• **DATA BELOW**
------------------------------

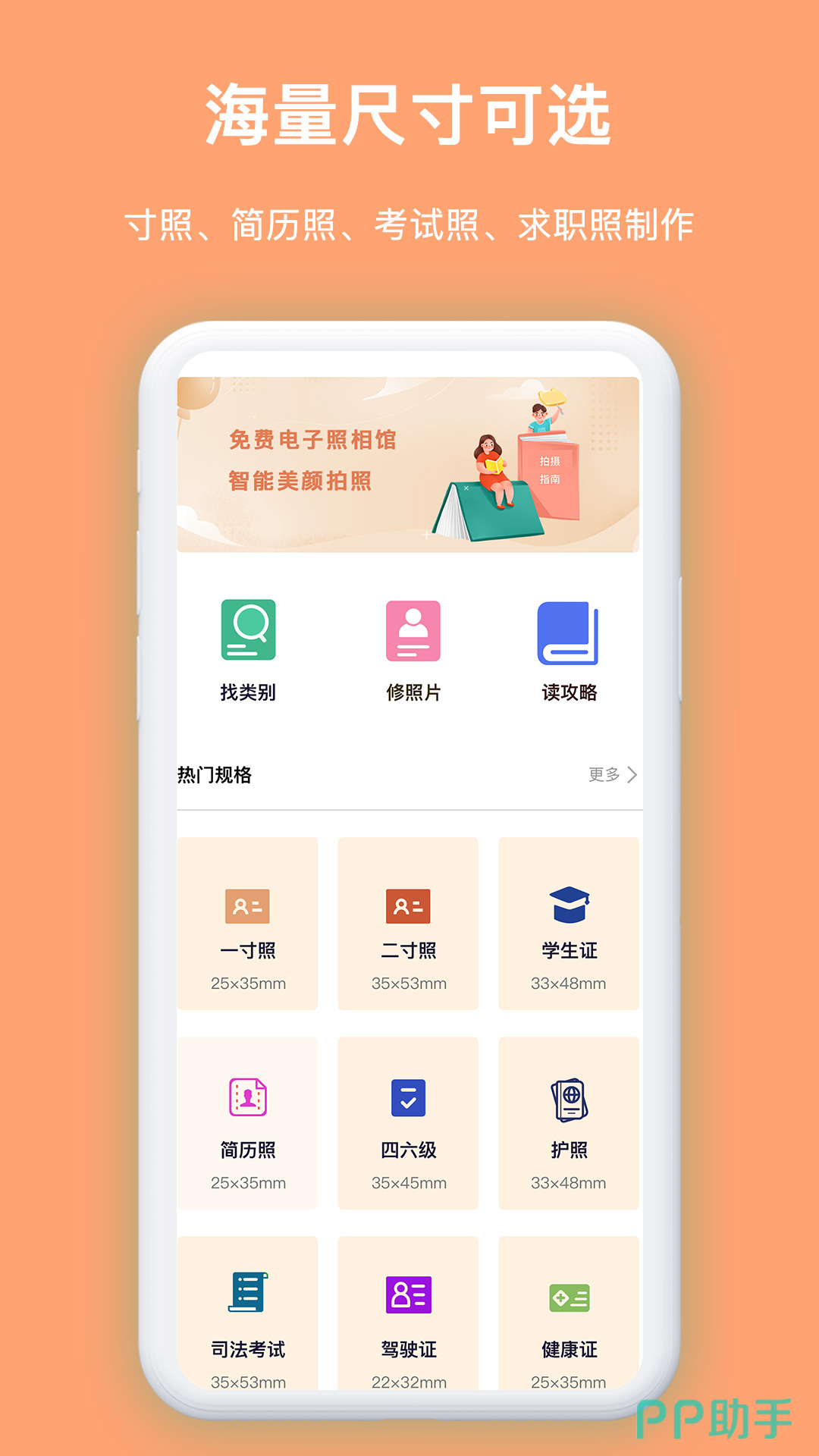 该 APP可为使用者们提供各种大小规格的证件相片,并具有智能抠图功能,可随时随地完成证件相片的制作,同时还配备了专业的美颜算法,可以帮使用者进行修改和编辑。
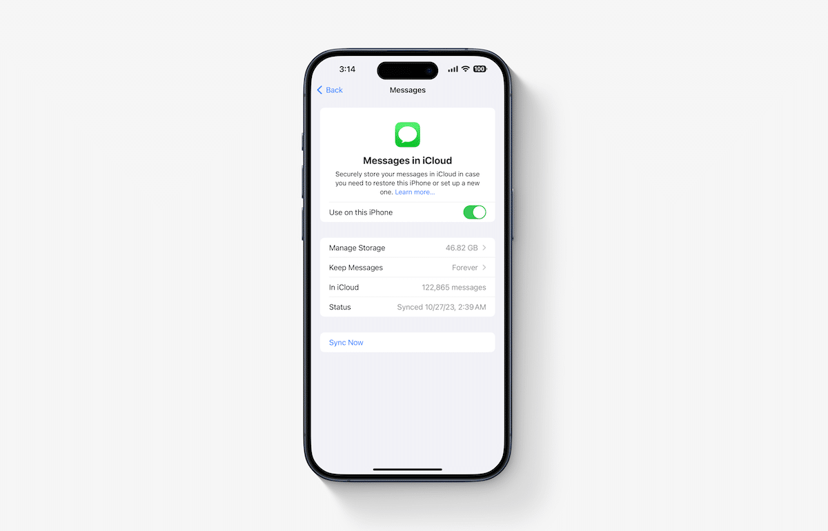 W aplikacji Ustawienia, iCloud zmienił nazwę sekcji Wiadomości na „Wiadomości w iCloud” i wyświetla informacje o liczbie wiadomości zsynchronizowanych z iCloud, czasie ostatniej synchronizacji i całkowitej liczbie zajętych wiadomości. Posiada również funkcję „Synchronizuj teraz” umożliwiającą ręczne aktualizacje.
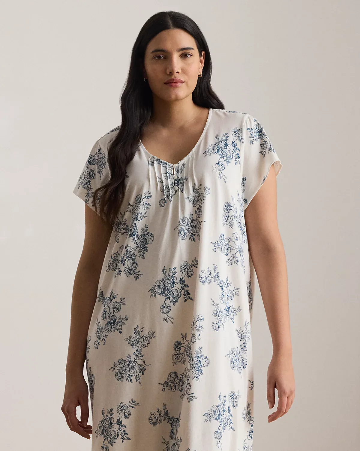 Enchanting florals and a pintucked neckline define the romantic character of this ballet nightgown, which is made with soft cotton-blend jersey for a comfortable night’s sleep.

------------------------------

• **PROBLEM**
Apart from the pictures, every line above must be repeated exactly.

• **RESPONSE BOX**
 该 APP可为使用者们提供各种大小规格的证件相片,并具有智能抠图功能,可随时随地完成证件相片的制作,同时还配备了专业的美颜算法,可以帮使用者进行修改和编辑。
 W aplikacji Ustawienia, iCloud zmienił nazwę sekcji Wiadomości na „Wiadomości w iCloud” i wyświetla informacje o liczbie wiadomości zsynchronizowanych z iCloud, czasie ostatniej synchronizacji i całkowitej liczbie zajętych wiadomości. Posiada również funkcję „Synchronizuj teraz” umożliwiającą ręczne aktualizacje.
 Enchanting florals and a pintucked neckline define the romantic character of this ballet nightgown, which is made with soft cotton-blend jersey for a comfortable night’s sleep.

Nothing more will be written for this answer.